How to complete this task> Your task is to retype, word for word, the lines from the start of the data through the line holding "在模型图上选中一个或多个对象". Do not include the pictures.

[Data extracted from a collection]

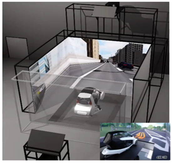The study was conducted using the immersive driving simulator (DS) with stereoscopic vision at Nagoya University (Figure 1). A realistic cockpit with all necessary equipment was installed on the 6DOF motion platform which is capable of noticing the driver about the generation of acceleration due to the driving operation [18]. The DS used a stereoscopic image on the immersive display where the cabin was located in a square room where the floor and walls were used as screens for projecting 4K resolution images of the driving scene. The image projected on the screen is a stereo image that takes into account the parallax of the left and right eyes, and by using a head tracking system that measures the position and orientation of the person’s head, the image is displayed from a viewpoint that matches the position of the person. The immersive display offers binocular parallax stereoscopic vision and motion parallax stereoscopic vision, and faithfully reproduces the sense of depth and distance [19]. With these unique functions, the DS can provide a driving environment that seems more natural than any existing conventional DS.
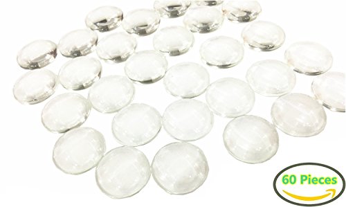60 Pieces Glass Dome Cabochons Clear Round Cabochons Tiles Clear Cameo, Non-calibrated Round 1 inch/25mm For Cameo Pendants, Photo Jewelry, Rings, Necklaces
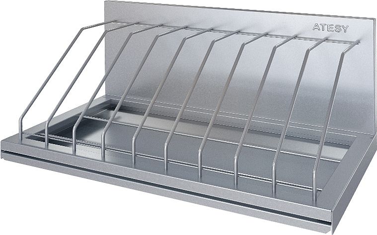Кухонная полка ATESY ПКД-С-600.350-9-02-В серии Стандарт используется для сушки и хранения разделочных досок на предприятиях общественного питания и торговли. Полка выполнена из нержавеющей стали AISI 430, отделения - из нержавеющего прутка AISI 304.
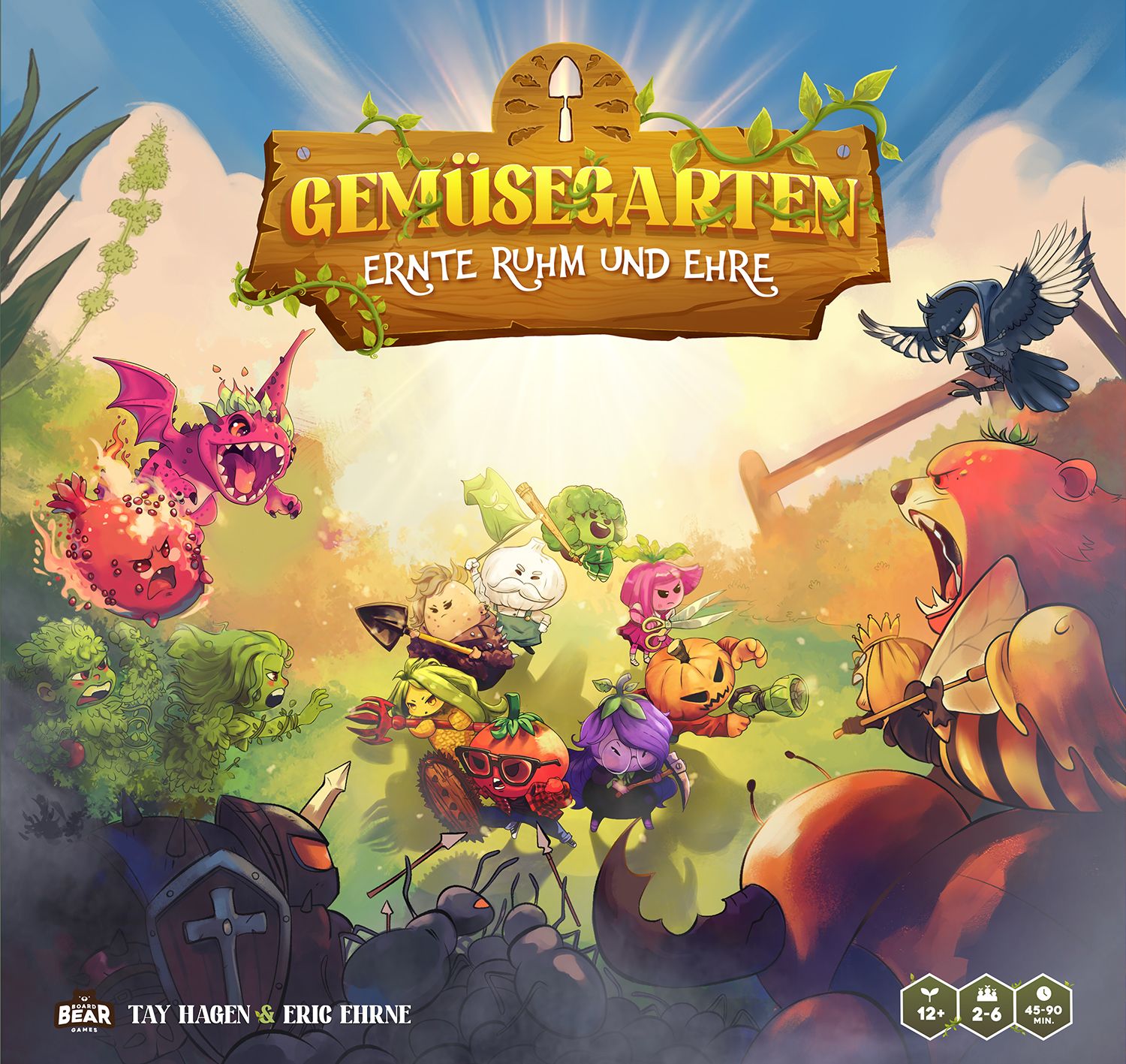 Each turn, players collect seeds, plant setlings, grow mighty vegetables, and face unpredictable events or hilarious threats like “Hungry Vegans” or mischievous critters. Using clever item cards, dice rolls, and a mix of luck and planning, players must manage their limited action points to expand their garden, outsmart rivals, and complete missions or expeditions that earn them precious Fame Points.
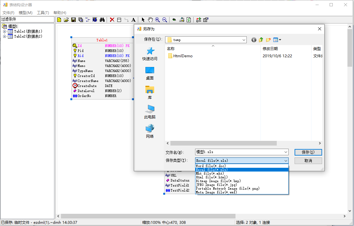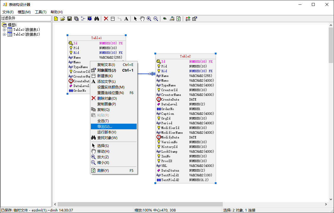 在模型图上选中一个或多个对象(不选则为全部),右键“导出”,系统提示指定文件路径和类型:
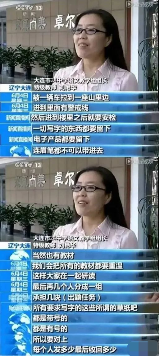 大連市24中學(xué)語(yǔ)文教學(xué)組組長(zhǎng)劉艷華老師談起被抽調(diào)參與高考命題,最切身的感受是整個(gè)抽調(diào)過(guò)程保密工作非常嚴(yán)謹(jǐn):“在出發(fā)的前一天,只得到通知要出差,對(duì)自己真正要肩負(fù)的使命一無(wú)所知?!?strong>“被一輛車(chē)?yán)揭蛔嚼锩?,進(jìn)到里面有警戒線 ?!?/strong>
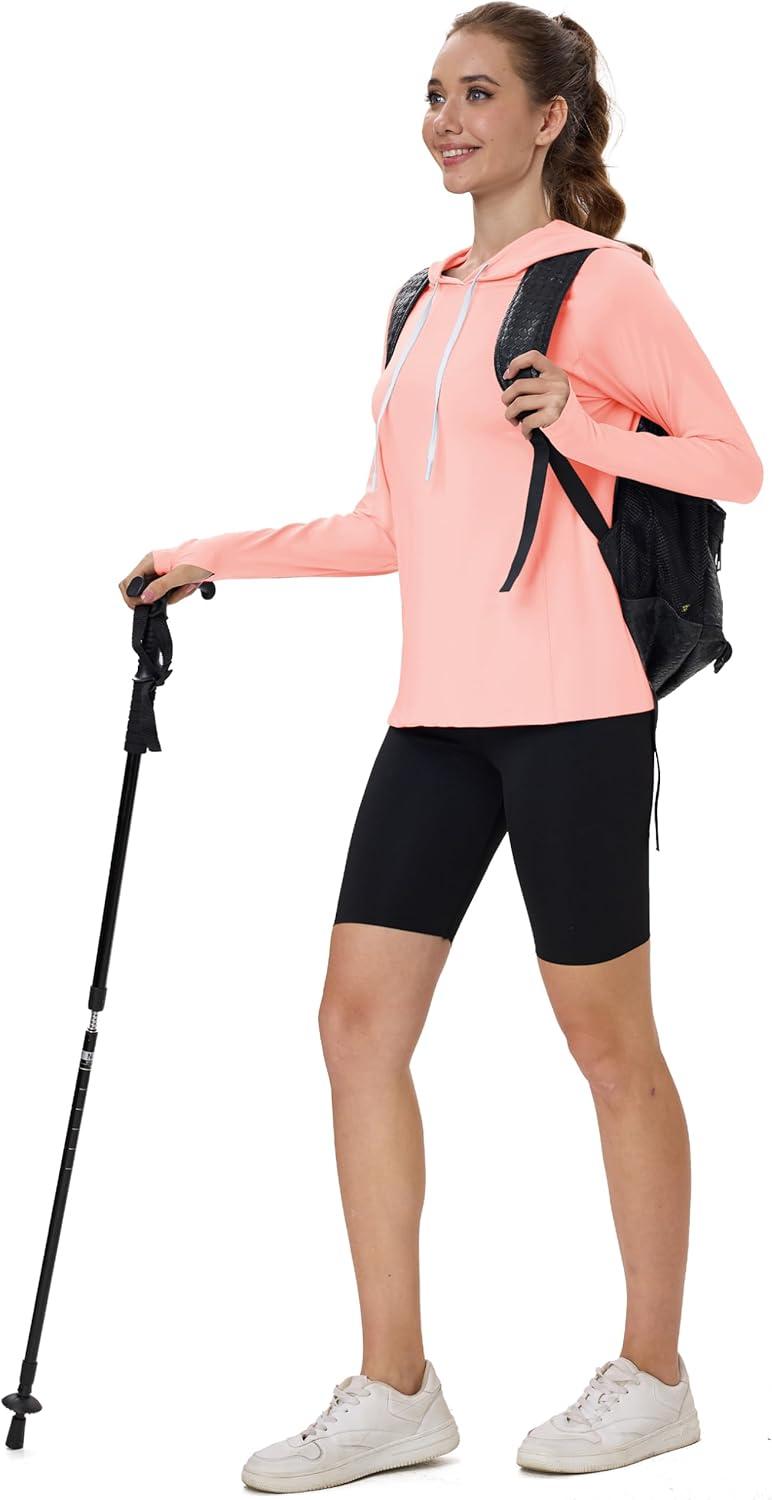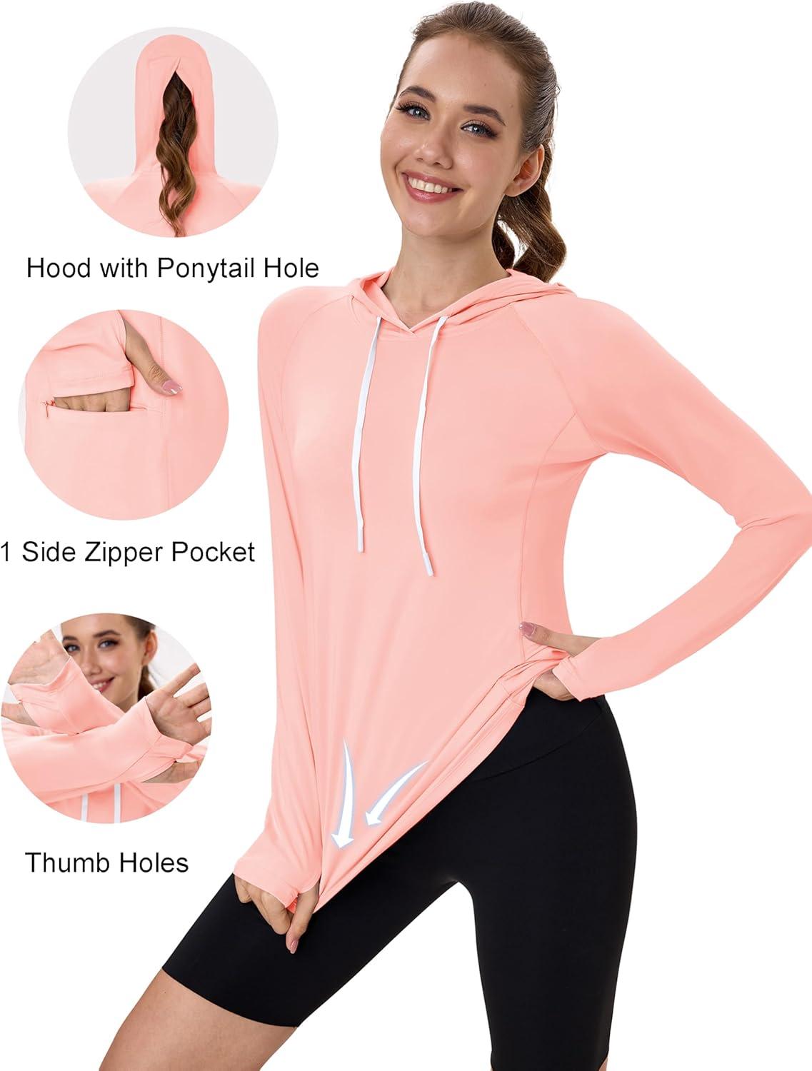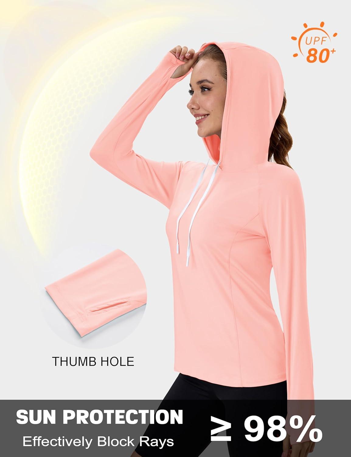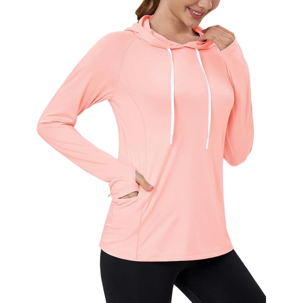 MAGCOMSEN Women’s UPF 80+ Sun Protection Hoodie Shirt Long Sleeve Outdoor Hiking Fishing Rash Guard with Pocket(Lightpink)

Expected answer>
The study was conducted using the immersive driving simulator (DS) with stereoscopic vision at Nagoya University (Figure 1). A realistic cockpit with all necessary equipment was installed on the 6DOF motion platform which is capable of noticing the driver about the generation of acceleration due to the driving operation [18]. The DS used a stereoscopic image on the immersive display where the cabin was located in a square room where the floor and walls were used as screens for projecting 4K resolution images of the driving scene. The image projected on the screen is a stereo image that takes into account the parallax of the left and right eyes, and by using a head tracking system that measures the position and orientation of the person’s head, the image is displayed from a viewpoint that matches the position of the person. The immersive display offers binocular parallax stereoscopic vision and motion parallax stereoscopic vision, and faithfully reproduces the sense of depth and distance [19]. With these unique functions, the DS can provide a driving environment that seems more natural than any existing conventional DS.
60 Pieces Glass Dome Cabochons Clear Round Cabochons Tiles Clear Cameo, Non-calibrated Round 1 inch/25mm For Cameo Pendants, Photo Jewelry, Rings, Necklaces
Кухонная полка ATESY ПКД-С-600.350-9-02-В серии Стандарт используется для сушки и хранения разделочных досок на предприятиях общественного питания и торговли. Полка выполнена из нержавеющей стали AISI 430, отделения - из нержавеющего прутка AISI 304.
 Each turn, players collect seeds, plant setlings, grow mighty vegetables, and face unpredictable events or hilarious threats like “Hungry Vegans” or mischievous critters. Using clever item cards, dice rolls, and a mix of luck and planning, players must manage their limited action points to expand their garden, outsmart rivals, and complete missions or expeditions that earn them precious Fame Points.
 在模型图上选中一个或多个对象(不选则为全部),右键“导出”,系统提示指定文件路径和类型:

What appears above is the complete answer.